Recorded data:

****

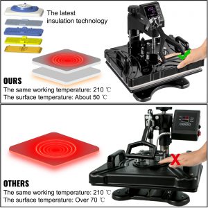 Cea mai recenta tehnologie de izolare cu doua straturi asigura temperatura suprafetei presei de tricouri de numai aproximativ 50 ℃ atunci cand temperatura de lucru atinge 200 ℃.
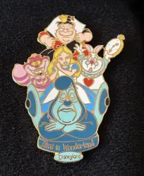 Alice, Queen of Hearts, Cheshire Cat, White Rabbit, Caterpillar - Cluster is an Open Edition pin from the Disneyland Attractions (2003) Collection pin series. It was originally released on , 2002 and was available from Disneyland Resort .
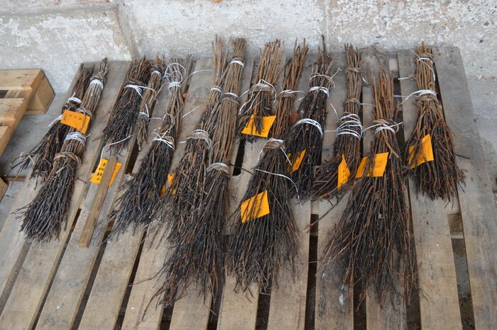 Ukázka dřevěných artefaktů – metly z březových větví.
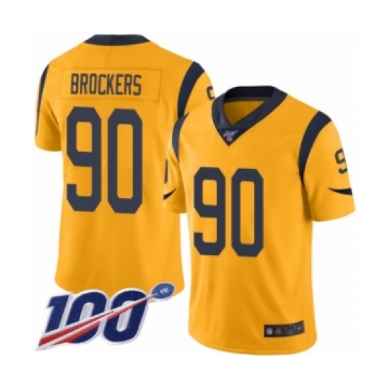 >Men's Los Angeles Rams #90 Michael Brockers Limited Gold Rush Vapor Untouchable 100th Season Football Jersey
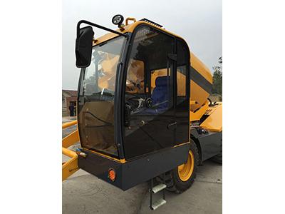 The mixer is composed of chassis, transmission system, hydraulic system, frame, mixing tank, charging and discharging device, water supply system, operating system, human ladder etc.. The front end of the mixing tank is connected and installed with the reducer on the front of the frame, and the back end is supported by two riding wheels installed in the back of the frame.
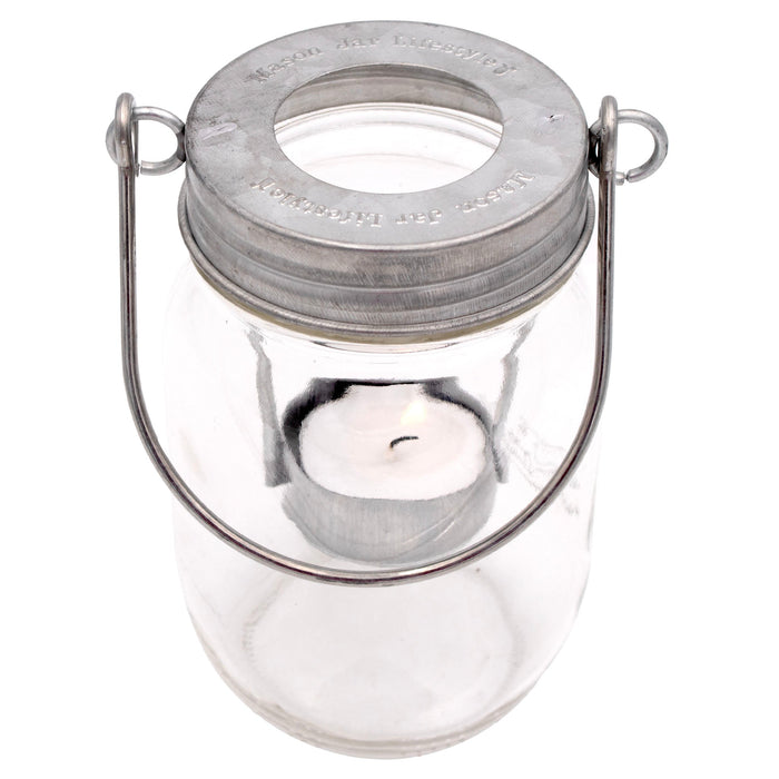 Galvanized Metal Tea Light Candle Holder Lids With Handles for Mason Jars 3 Pack
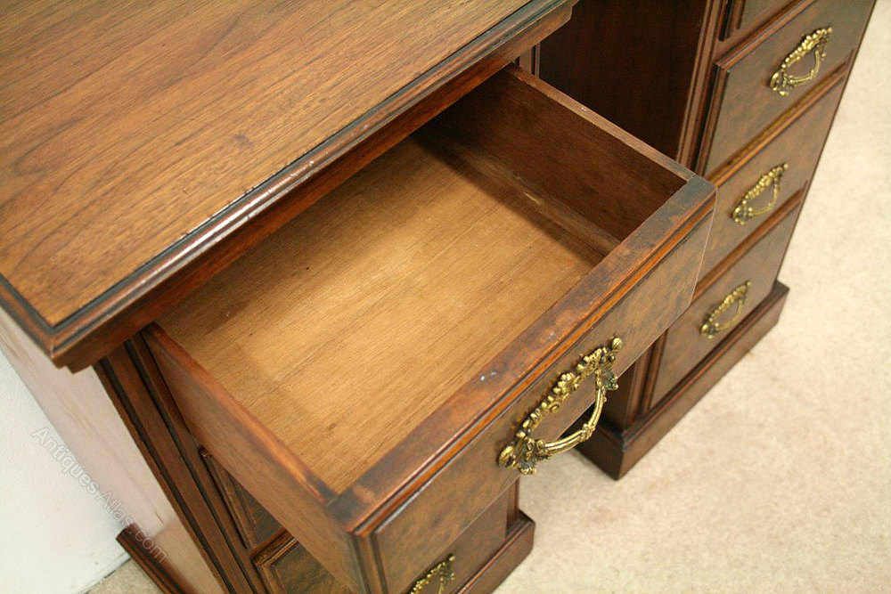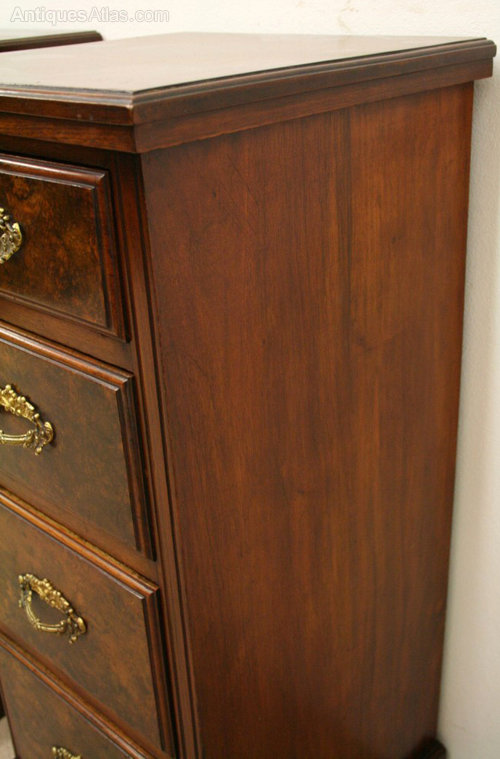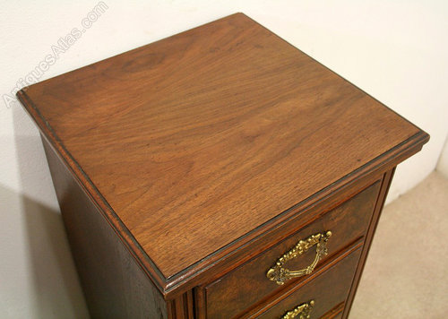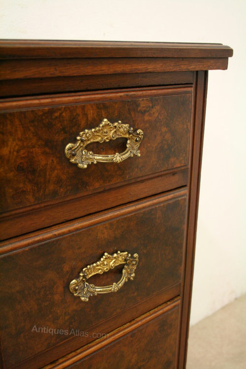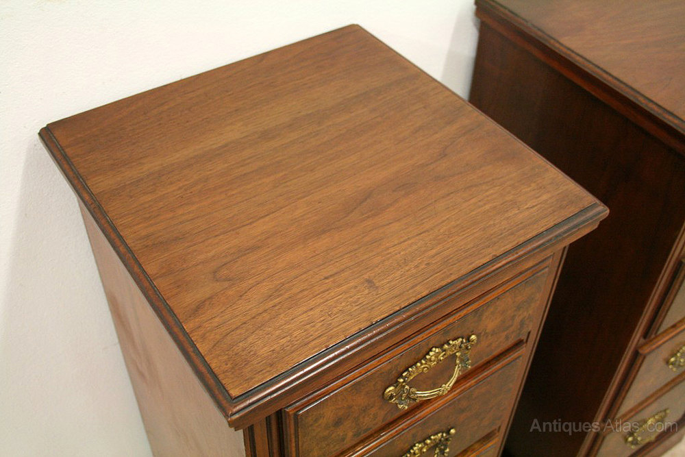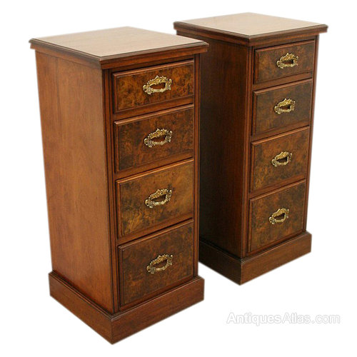 Circa 1880, unusual pair of late Victorian walnut and burr walnut bedside pedestal lockers (adapted). The solid walnuts tops have a moulded edge, above four graduating drawers with burr walnut fronts and very stylish gilded Rococo cast handles. Each side of the drawers there are a stylish facing. Beneath the bottom drawer is a moulded edge and an enclosed plinth. Great colour and good patination.

****

*Exercise description*
From the line containing "Season Football Jersey" to the final line of the entries, both included, transcribe every line exactly, omit the pictures, and add nothing more.

*Exercise answer*
 >Men's Los Angeles Rams #90 Michael Brockers Limited Gold Rush Vapor Untouchable 100th Season Football Jersey
 The mixer is composed of chassis, transmission system, hydraulic system, frame, mixing tank, charging and discharging device, water supply system, operating system, human ladder etc.. The front end of the mixing tank is connected and installed with the reducer on the front of the frame, and the back end is supported by two riding wheels installed in the back of the frame.
 Galvanized Metal Tea Light Candle Holder Lids With Handles for Mason Jars 3 Pack
 Circa 1880, unusual pair of late Victorian walnut and burr walnut bedside pedestal lockers (adapted). The solid walnuts tops have a moulded edge, above four graduating drawers with burr walnut fronts and very stylish gilded Rococo cast handles. Each side of the drawers there are a stylish facing. Beneath the bottom drawer is a moulded edge and an enclosed plinth. Great colour and good patination.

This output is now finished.